**Work to be completed:** Skip all pictures, then copy the lines from the start of the data through the line with "Еще один проект", keeping both ends.

-- Task inputs follows --

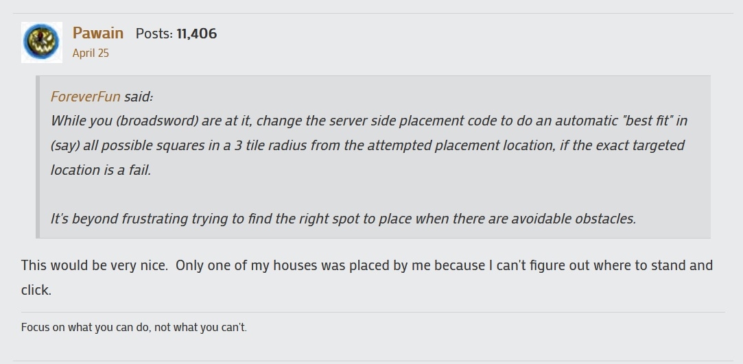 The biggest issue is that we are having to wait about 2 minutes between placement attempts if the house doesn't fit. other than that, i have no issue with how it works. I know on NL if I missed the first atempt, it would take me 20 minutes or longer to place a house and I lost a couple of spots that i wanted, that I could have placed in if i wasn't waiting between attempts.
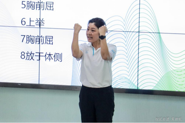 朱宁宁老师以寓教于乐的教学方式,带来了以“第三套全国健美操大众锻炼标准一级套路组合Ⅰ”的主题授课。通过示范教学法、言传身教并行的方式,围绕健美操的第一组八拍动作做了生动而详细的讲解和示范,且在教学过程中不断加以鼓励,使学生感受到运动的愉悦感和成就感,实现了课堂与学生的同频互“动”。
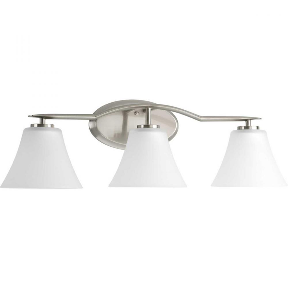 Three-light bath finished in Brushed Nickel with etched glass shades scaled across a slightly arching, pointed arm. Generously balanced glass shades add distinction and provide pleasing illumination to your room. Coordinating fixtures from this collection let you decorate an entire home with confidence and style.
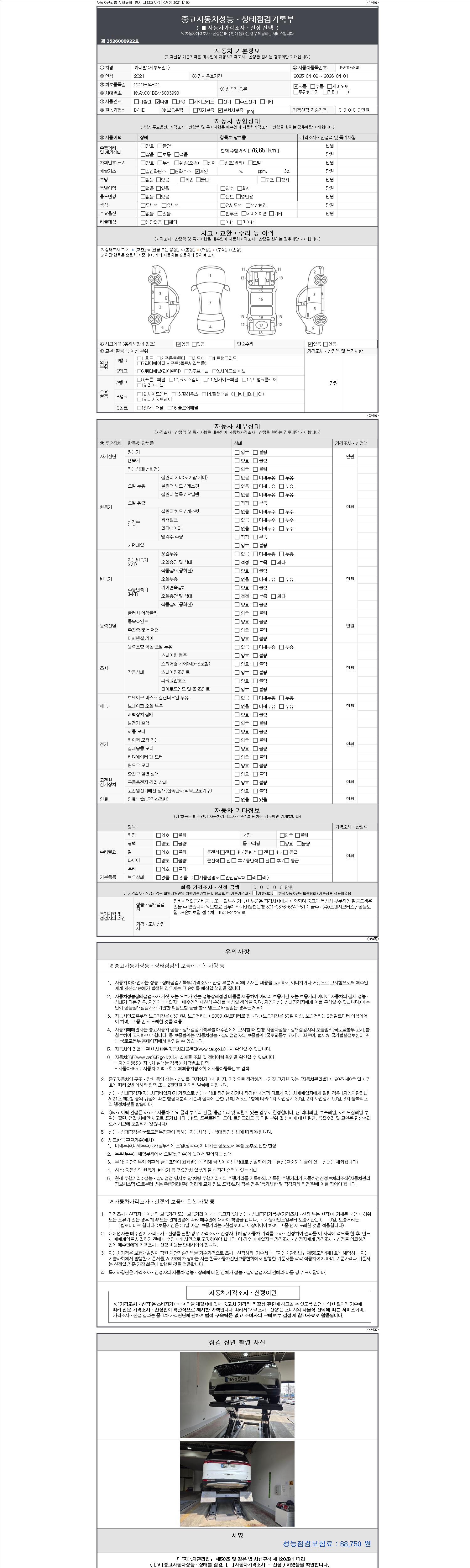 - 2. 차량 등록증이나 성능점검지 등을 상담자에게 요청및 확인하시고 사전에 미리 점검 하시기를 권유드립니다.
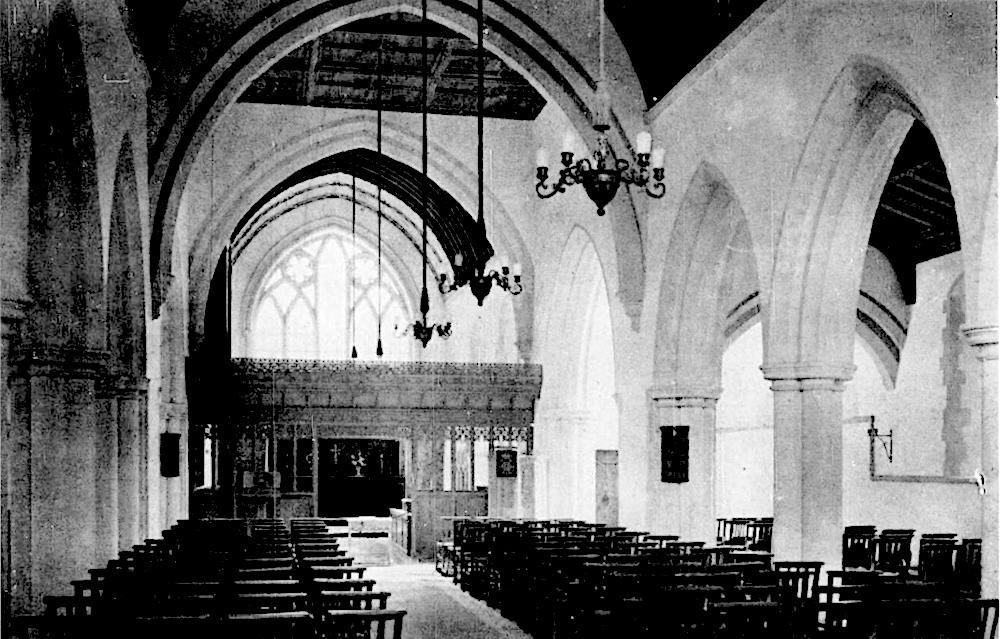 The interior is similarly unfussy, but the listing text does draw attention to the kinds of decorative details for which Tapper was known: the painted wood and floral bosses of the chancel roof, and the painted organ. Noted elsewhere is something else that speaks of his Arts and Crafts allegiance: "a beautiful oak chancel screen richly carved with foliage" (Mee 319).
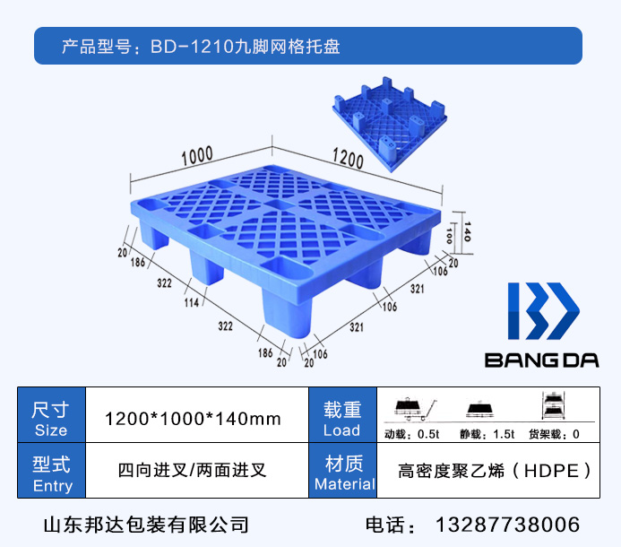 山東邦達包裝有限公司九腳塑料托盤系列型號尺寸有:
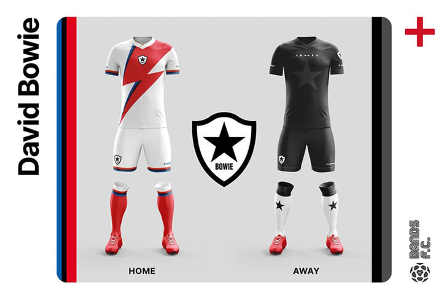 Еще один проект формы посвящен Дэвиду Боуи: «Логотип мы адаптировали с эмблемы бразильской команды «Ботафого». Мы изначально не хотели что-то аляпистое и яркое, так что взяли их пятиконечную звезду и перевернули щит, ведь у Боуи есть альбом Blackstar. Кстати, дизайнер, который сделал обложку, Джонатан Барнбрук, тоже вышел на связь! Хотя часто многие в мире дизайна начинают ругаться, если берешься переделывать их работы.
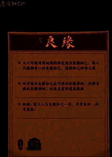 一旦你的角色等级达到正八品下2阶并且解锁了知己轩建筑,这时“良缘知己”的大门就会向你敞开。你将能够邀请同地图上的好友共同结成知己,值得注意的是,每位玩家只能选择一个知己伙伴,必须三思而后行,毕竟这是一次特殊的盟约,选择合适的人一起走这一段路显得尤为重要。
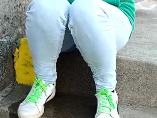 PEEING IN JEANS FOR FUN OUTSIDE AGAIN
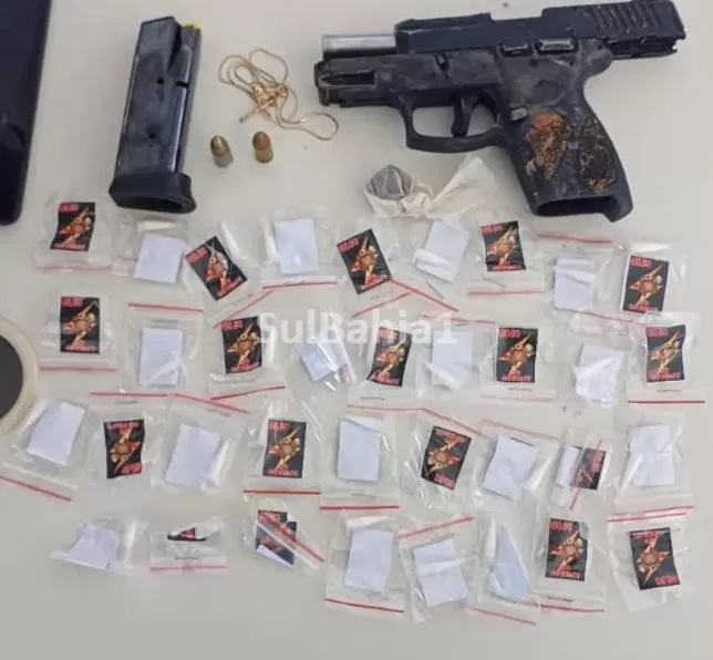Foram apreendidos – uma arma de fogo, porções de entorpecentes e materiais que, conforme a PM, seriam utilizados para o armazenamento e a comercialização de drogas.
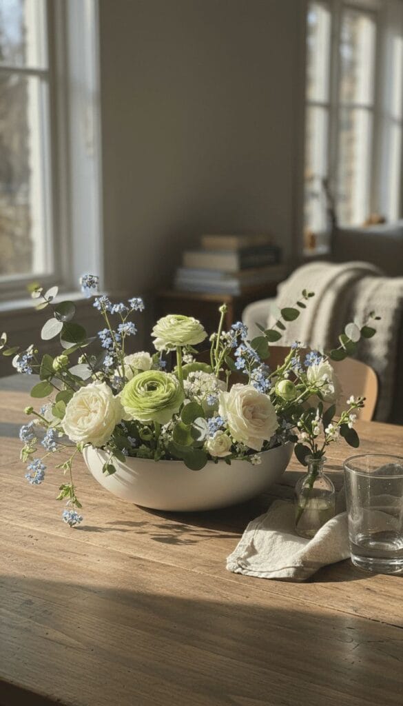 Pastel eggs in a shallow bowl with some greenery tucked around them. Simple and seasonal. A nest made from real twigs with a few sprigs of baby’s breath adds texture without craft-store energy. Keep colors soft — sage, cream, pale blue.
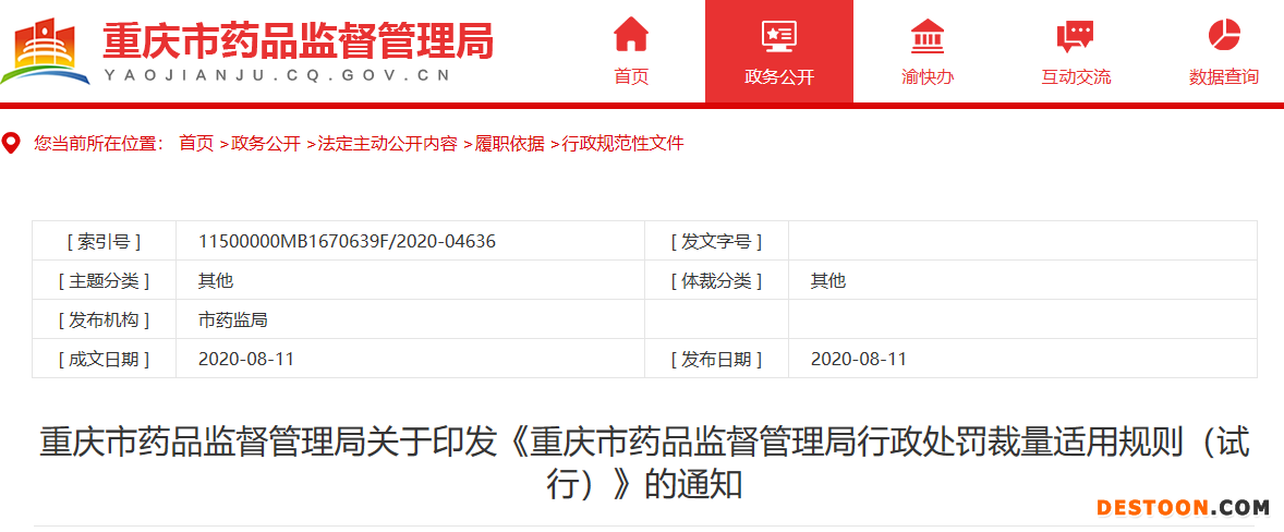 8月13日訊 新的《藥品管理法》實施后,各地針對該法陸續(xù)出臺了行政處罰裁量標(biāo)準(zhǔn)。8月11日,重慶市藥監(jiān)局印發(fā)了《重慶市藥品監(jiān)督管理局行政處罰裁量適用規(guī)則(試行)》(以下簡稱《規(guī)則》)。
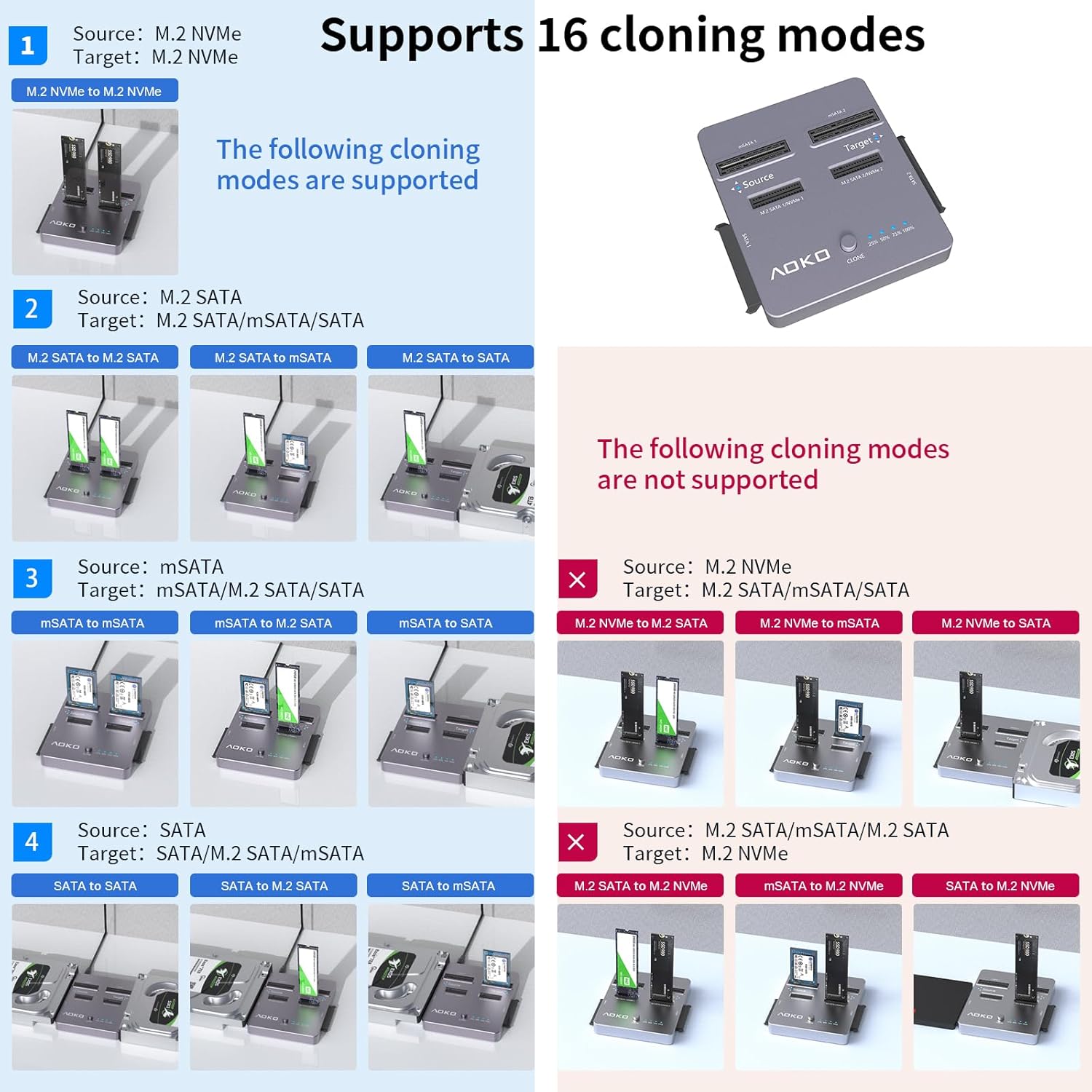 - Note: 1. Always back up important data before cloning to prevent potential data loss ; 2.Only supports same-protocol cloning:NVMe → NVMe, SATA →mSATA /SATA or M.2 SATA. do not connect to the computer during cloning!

-- Task inputs concluded --

**Exercise response:**
 The biggest issue is that we are having to wait about 2 minutes between placement attempts if the house doesn't fit. other than that, i have no issue with how it works. I know on NL if I missed the first atempt, it would take me 20 minutes or longer to place a house and I lost a couple of spots that i wanted, that I could have placed in if i wasn't waiting between attempts.
 朱宁宁老师以寓教于乐的教学方式,带来了以“第三套全国健美操大众锻炼标准一级套路组合Ⅰ”的主题授课。通过示范教学法、言传身教并行的方式,围绕健美操的第一组八拍动作做了生动而详细的讲解和示范,且在教学过程中不断加以鼓励,使学生感受到运动的愉悦感和成就感,实现了课堂与学生的同频互“动”。
 Three-light bath finished in Brushed Nickel with etched glass shades scaled across a slightly arching, pointed arm. Generously balanced glass shades add distinction and provide pleasing illumination to your room. Coordinating fixtures from this collection let you decorate an entire home with confidence and style.
 - 2. 차량 등록증이나 성능점검지 등을 상담자에게 요청및 확인하시고 사전에 미리 점검 하시기를 권유드립니다.
 The interior is similarly unfussy, but the listing text does draw attention to the kinds of decorative details for which Tapper was known: the painted wood and floral bosses of the chancel roof, and the painted organ. Noted elsewhere is something else that speaks of his Arts and Crafts allegiance: "a beautiful oak chancel screen richly carved with foliage" (Mee 319).
 山東邦達包裝有限公司九腳塑料托盤系列型號尺寸有:
 Еще один проект формы посвящен Дэвиду Боуи: «Логотип мы адаптировали с эмблемы бразильской команды «Ботафого». Мы изначально не хотели что-то аляпистое и яркое, так что взяли их пятиконечную звезду и перевернули щит, ведь у Боуи есть альбом Blackstar. Кстати, дизайнер, который сделал обложку, Джонатан Барнбрук, тоже вышел на связь! Хотя часто многие в мире дизайна начинают ругаться, если берешься переделывать их работы.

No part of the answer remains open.